### Recorded information
++++
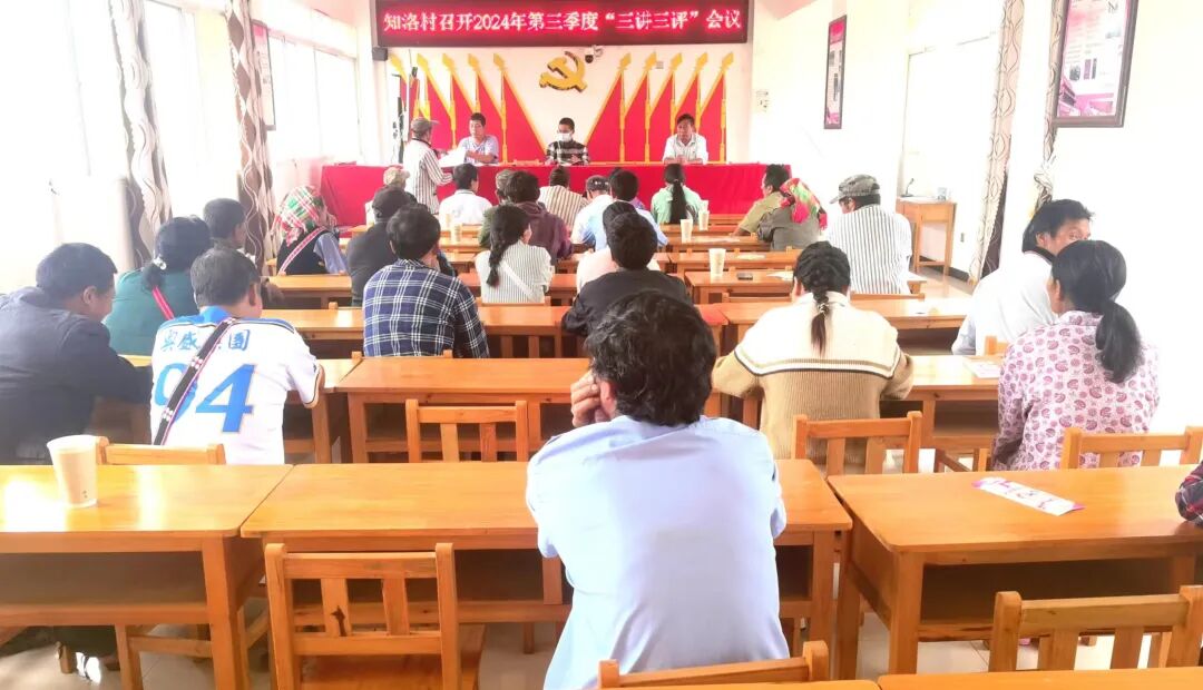 为进一步加强驻村工作队驻村帮扶能力,提高村“两委”班子履职能力,激发村民的内生发展动力。9月24日,知洛村召开2024年第三季度“三讲三评”会议,会议由村党总支书记害阿农主持,村“两委”班子成员、驻村工作队队员、村民小组长、党员、监测户代表、群众代表等26人参加会议。
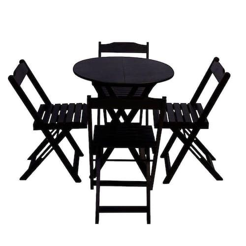Jogo De Mesa Dobravel De Madeira 90cm Redondo Com 4 Cadeiras Pretoé ideal para bares, restaurantes, estabelecimentos, áreas de lazer e também para sua casa. Feito em madeira maciça, tornando resistentes e duráveis. Seu design permite que seja encaixado em qualquer ambiente, trazendo um toque a mais para seu estabelecimento. Além de sua durabilidade, o que lhe trará conforto para servir seus clientes. Por ser dobrável torna-se mais fácil guardar, manusear e limpar o produto.Atenção: EVITE USAR PRODUTOS ABRASIVOS E QUíMICOS PARA LIMPEZA DO PRODUTO, aconselha-se o uso de pano umedecido para melhor conservação; mantenha o produto fora de chuva e sol constantes.Matéria prima:Madeira Maciça, de alta densidade e resistente.Poderá ocorrer variação de tonalidades que é uma característica típica, apresentando diversos tons num mesmo produto em harmonia com o brilho do verniz.Modelo: Conjunto de Mesa e Cadeira DobráveisMESA Cor: Preto Modelo: Dobrável Dimensões: Altura 90cm | Largura - Profundidade 90cm (diâmetro)CADEIRA Cor: Preto Modelo: Dobrável Dimensões: Altura 88cm | Largura 43cm | Profundidade 33cmJogo de Mesa Dobravel de Madeira 90cm Redondo com 4 Cadeiras Preto
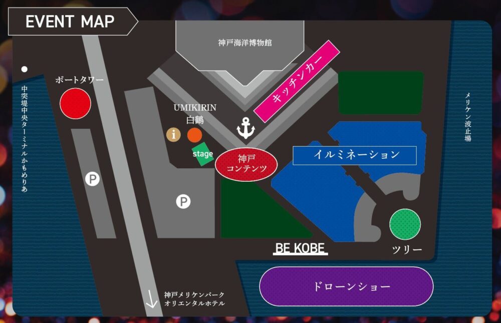 神戸ウォーターフロントの「冬の夜の賑わい創出」を目的としていて、ドローンショーやイルミネーション、キッチンカーなどが登場します。
++++
### What to produce
Repeat the material verbatim. Do not carry over any picture.

### Task response
 为进一步加强驻村工作队驻村帮扶能力,提高村“两委”班子履职能力,激发村民的内生发展动力。9月24日,知洛村召开2024年第三季度“三讲三评”会议,会议由村党总支书记害阿农主持,村“两委”班子成员、驻村工作队队员、村民小组长、党员、监测户代表、群众代表等26人参加会议。
Jogo De Mesa Dobravel De Madeira 90cm Redondo Com 4 Cadeiras Pretoé ideal para bares, restaurantes, estabelecimentos, áreas de lazer e também para sua casa. Feito em madeira maciça, tornando resistentes e duráveis. Seu design permite que seja encaixado em qualquer ambiente, trazendo um toque a mais para seu estabelecimento. Além de sua durabilidade, o que lhe trará conforto para servir seus clientes. Por ser dobrável torna-se mais fácil guardar, manusear e limpar o produto.Atenção: EVITE USAR PRODUTOS ABRASIVOS E QUíMICOS PARA LIMPEZA DO PRODUTO, aconselha-se o uso de pano umedecido para melhor conservação; mantenha o produto fora de chuva e sol constantes.Matéria prima:Madeira Maciça, de alta densidade e resistente.Poderá ocorrer variação de tonalidades que é uma característica típica, apresentando diversos tons num mesmo produto em harmonia com o brilho do verniz.Modelo: Conjunto de Mesa e Cadeira DobráveisMESA Cor: Preto Modelo: Dobrável Dimensões: Altura 90cm | Largura - Profundidade 90cm (diâmetro)CADEIRA Cor: Preto Modelo: Dobrável Dimensões: Altura 88cm | Largura 43cm | Profundidade 33cmJogo de Mesa Dobravel de Madeira 90cm Redondo com 4 Cadeiras Preto
 神戸ウォーターフロントの「冬の夜の賑わい創出」を目的としていて、ドローンショーやイルミネーション、キッチンカーなどが登場します。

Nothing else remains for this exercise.